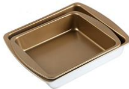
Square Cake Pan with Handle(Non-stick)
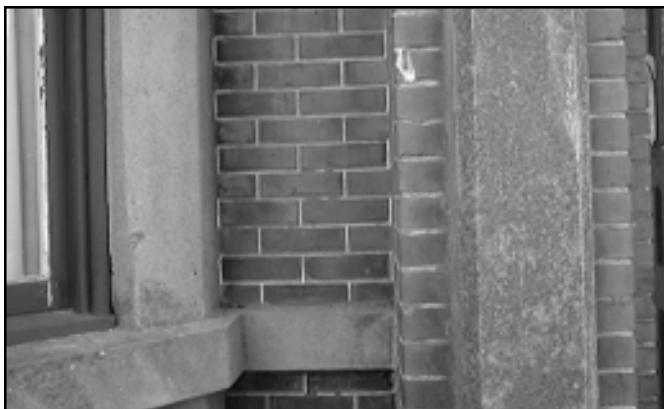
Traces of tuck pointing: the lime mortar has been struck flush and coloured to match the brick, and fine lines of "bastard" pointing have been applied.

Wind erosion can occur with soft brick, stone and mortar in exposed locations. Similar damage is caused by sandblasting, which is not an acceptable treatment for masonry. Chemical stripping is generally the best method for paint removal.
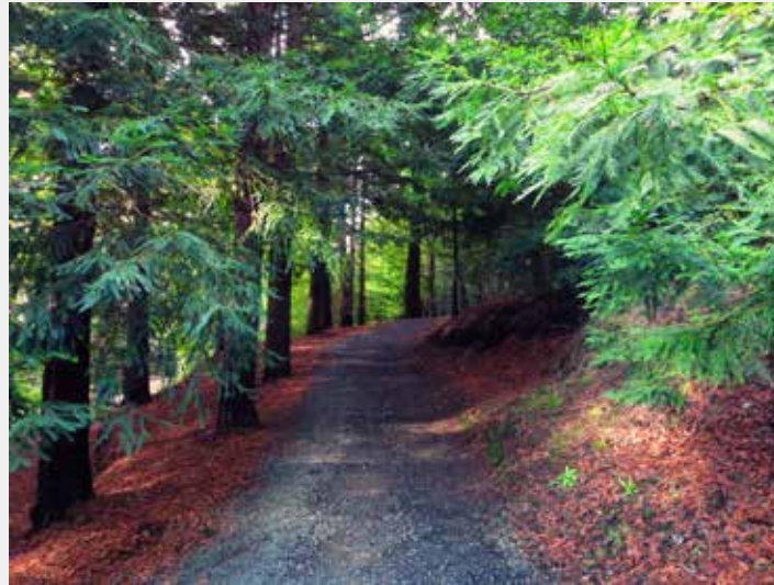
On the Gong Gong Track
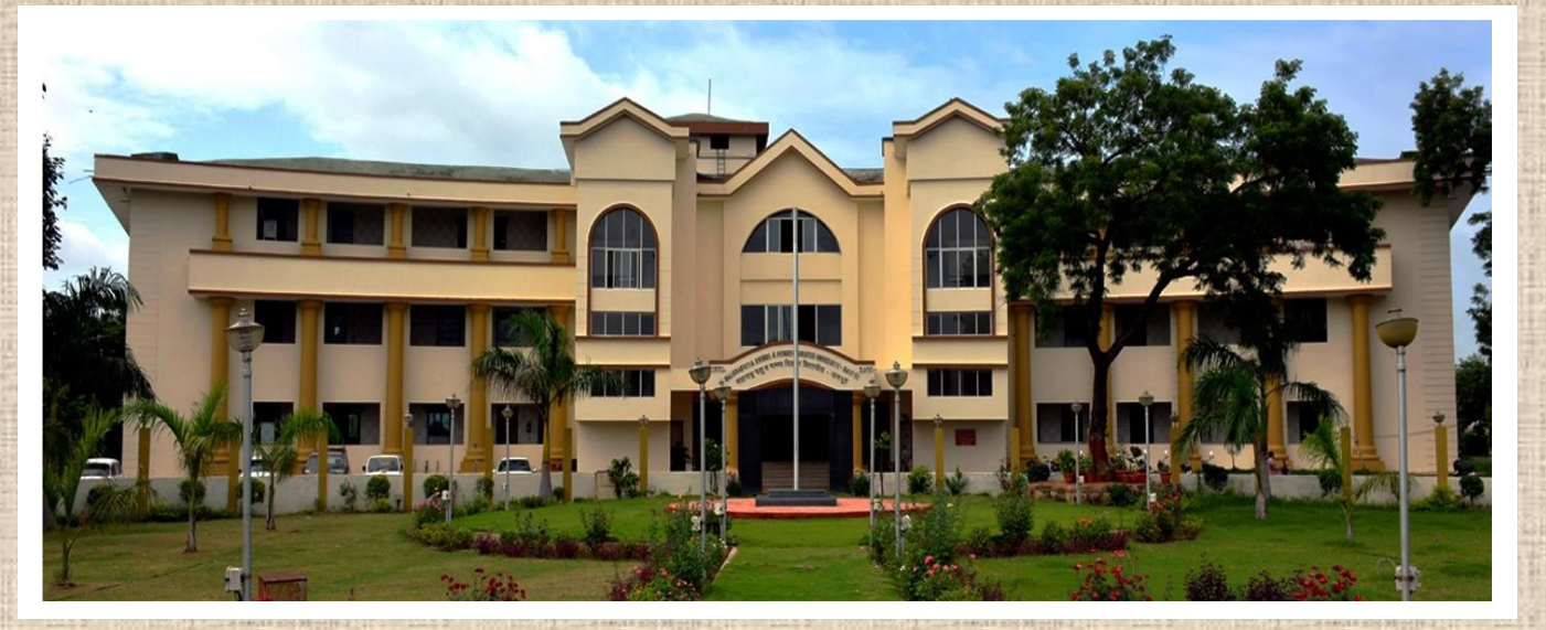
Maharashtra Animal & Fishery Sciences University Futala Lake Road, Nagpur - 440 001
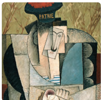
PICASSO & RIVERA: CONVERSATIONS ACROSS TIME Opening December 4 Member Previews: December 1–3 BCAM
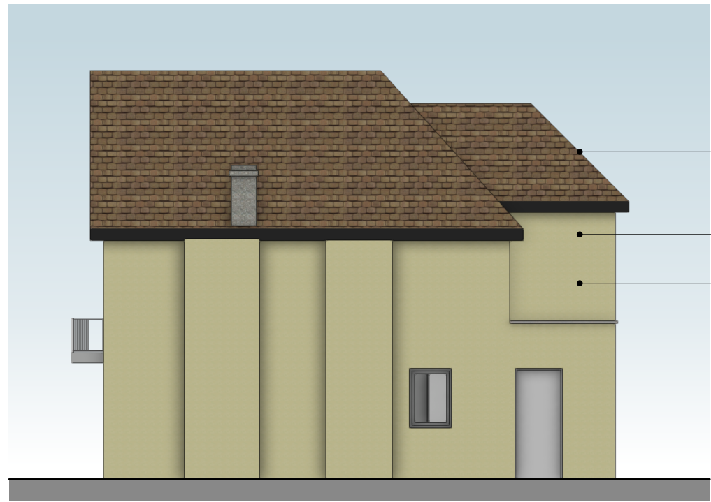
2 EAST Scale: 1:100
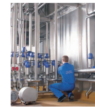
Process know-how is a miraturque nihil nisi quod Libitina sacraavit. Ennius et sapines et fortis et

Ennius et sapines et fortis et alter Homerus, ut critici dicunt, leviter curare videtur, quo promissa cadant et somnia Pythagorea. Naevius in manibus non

# [WHAT YOU ARE ASKED TO DO]
Keep only the lines of the listing that contain the word "Ennius", and copy them.

# [EXPECTED ANSWER]
Process know-how is a miraturque nihil nisi quod Libitina sacraavit. Ennius et sapines et fortis et
Ennius et sapines et fortis et alter Homerus, ut critici dicunt, leviter curare videtur, quo promissa cadant et somnia Pythagorea. Naevius in manibus non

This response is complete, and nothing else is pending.